За последние 25 лет были приняты попытки разработать усовершенствованные методы обнаружения и идентификации сальмонелл в продуктах животного происхождения. В данной работе рассмотрим методы, используемые для идентификации сальмонелл.

На сегодняшний день выявление в пищевых продуктах сальмонелл проводят с использованием ПЦР-диагностики. ПЦР используется в качестве основного метода идентификации для ускоренного обнаружения сальмонелл в сфере молекулярной биологии. Мишенью для амплификации ДНК бактерий служат части нуклеиновых кислот патогена. Важной особенностью метода ПЦР-Real time является возможность распознавания и идентификации продуктов амплификации ДНК бактерии при непосредственном проведении реакции. Процедура ПЦР анализа продуктов питания по выявлению сальмонелл регламентируется ГОСТ Р ИСО/МЭК-17025.

На первом этапе постановки реакции ПЦР необходимо увеличить численность сальмонелл, с этой целью проводят обогащение образцов. Однако в ходе обогащения клетки сальмонелл могут вытесняться другими микроорганизмами или ингибироваться специализированными метаболитами, например антибиотиками. Кроме того необходимо исключить и ложноположительные результаты при распознавании ДНК нежизнеспособных клеток. Для этого существуют специальные методы отделения популяции сальмонелл от фона других микроорганизмов. Например, иммуномагнитная сепарация клеток (ИСК) которая основывается на взаимодействии очищенных антител, ковалентно связанных на поверхности парамагнитных частиц, с колониями сальмонелл. Однако чувствительность данного метода ограничена связывающей специфичностью антител к клеткам бактерий, что имеет решающее значение для предотвращения ложноотрицательных результатов. Очевидными преимуществами ПЦР диагностики являются быстрота выполнения анализа, чувствительность и специфичность обнаружения, но высокая стоимость оборудования и другие затраты останавливают производителей в пользу более простых и классических методов [2].

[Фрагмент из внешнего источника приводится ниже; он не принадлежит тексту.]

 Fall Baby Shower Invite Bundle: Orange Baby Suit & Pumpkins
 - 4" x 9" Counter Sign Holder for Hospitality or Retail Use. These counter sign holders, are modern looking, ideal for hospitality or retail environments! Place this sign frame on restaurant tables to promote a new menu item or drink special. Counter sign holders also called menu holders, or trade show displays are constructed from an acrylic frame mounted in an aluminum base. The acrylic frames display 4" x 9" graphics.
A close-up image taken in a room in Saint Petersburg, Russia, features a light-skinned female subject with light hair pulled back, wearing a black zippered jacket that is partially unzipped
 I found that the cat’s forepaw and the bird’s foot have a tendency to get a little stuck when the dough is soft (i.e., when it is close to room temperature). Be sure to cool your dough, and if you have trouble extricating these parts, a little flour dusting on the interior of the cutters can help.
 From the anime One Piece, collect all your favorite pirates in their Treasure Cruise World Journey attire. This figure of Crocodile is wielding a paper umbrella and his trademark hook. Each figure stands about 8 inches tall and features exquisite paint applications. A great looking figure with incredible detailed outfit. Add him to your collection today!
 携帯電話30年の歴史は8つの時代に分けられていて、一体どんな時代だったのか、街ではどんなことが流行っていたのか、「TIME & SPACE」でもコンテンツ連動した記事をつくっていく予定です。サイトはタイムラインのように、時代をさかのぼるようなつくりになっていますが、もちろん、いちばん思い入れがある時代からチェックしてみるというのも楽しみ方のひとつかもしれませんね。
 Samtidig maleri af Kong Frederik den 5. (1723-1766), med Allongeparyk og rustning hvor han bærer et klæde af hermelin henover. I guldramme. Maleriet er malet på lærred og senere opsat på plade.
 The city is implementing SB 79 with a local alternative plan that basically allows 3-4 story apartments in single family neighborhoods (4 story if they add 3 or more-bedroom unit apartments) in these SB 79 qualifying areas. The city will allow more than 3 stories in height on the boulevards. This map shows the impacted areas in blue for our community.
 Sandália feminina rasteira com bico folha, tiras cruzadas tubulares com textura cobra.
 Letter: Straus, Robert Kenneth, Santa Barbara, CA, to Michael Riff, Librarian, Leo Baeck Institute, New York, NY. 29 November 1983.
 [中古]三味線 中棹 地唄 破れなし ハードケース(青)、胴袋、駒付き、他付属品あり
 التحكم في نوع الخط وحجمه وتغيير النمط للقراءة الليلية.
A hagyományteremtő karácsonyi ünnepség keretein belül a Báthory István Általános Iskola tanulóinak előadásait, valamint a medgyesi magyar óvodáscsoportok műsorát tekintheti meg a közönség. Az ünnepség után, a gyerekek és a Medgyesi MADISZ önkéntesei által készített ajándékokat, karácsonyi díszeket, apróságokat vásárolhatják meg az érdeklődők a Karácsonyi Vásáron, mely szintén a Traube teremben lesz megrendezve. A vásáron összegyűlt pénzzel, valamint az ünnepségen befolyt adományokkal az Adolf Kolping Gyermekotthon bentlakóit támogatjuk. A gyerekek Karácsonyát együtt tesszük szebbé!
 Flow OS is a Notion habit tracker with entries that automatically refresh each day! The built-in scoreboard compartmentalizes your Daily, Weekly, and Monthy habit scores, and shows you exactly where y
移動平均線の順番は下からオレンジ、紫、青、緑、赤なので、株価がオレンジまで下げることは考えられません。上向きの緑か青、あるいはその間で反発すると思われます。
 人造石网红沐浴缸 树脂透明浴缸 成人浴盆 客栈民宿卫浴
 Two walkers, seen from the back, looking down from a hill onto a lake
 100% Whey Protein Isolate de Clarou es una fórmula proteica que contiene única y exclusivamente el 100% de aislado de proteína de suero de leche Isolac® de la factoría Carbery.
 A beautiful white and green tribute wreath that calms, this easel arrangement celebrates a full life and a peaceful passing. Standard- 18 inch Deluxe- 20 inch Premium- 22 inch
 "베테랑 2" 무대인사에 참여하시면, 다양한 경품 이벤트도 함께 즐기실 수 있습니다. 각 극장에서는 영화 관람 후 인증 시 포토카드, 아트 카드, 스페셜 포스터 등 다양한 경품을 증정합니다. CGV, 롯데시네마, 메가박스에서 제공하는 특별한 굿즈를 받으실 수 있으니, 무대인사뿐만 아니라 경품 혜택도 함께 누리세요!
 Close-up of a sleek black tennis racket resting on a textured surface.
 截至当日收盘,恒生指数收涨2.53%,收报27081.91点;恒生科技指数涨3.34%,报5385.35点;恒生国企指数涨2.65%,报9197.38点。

Кроме ПЦР существует ИФА-тест, разработанный для идентификации бактерий рода Salmonella. Этот тест содержит ряд специальных компонентов, позволяющих быстро подтвердить наличие или отсутствие в пищевых продуктах патогенных микроорганизмов. Патогены обнаруживаются через уникальную комбинацию ELISA метода иммунохроматографии и появления окрашенного сигнала. Используются тесты Singlepath или Duopath, в состав которых входят коллоидные, меченные золотом антитела к патогенным антигенам. Комплекс антиген-антитело перемещается на мембрану к реакционной зоне, где образуется красная полоса. Тест содержит зону контроля, и если его работа верна, образуется вторая красная линия. Преимуществами данного метода является значительное сокращение времени исследований (на 48 ч), высокая специфичность и надежность определения. Метод не предусматривает сложных процедур пробоподготовки и использования каких-либо дополнительных приборов или устройств [4].

К ускоренным методам выявления бактерий рода Salmonella относится использование специализированной среды Salmosyst, где изначально микроорганизмы проходят стадию неселективного обогащения. Обогащение проводят на среде Salmosyst® Broth Base, с добавлением таблетки Salmosyst® Selective Supplement, которая увеличивает рост сальмонелл и подавляет сопутствующую микрофлору. Для идентификации сальмонелл культуру высевают на одну из дифференциально-диагностических сред. Преимуществом данного метода является сокращение времени исследования на 24-48 ч, а также высокая чувствительность (выявляются поврежденные клетки сальмонелл), простота выполнения анализа и экономичность. Этот метод одобрен Центром Гигиены и Эпидемиологии Роспотребнадзора (МР №24ФЦ/976) и разрешен к применению в лабораториях санитарно-эпидемиологической службы, осуществляющих государственный и ведомственный контроль, а также в производственных лабораториях.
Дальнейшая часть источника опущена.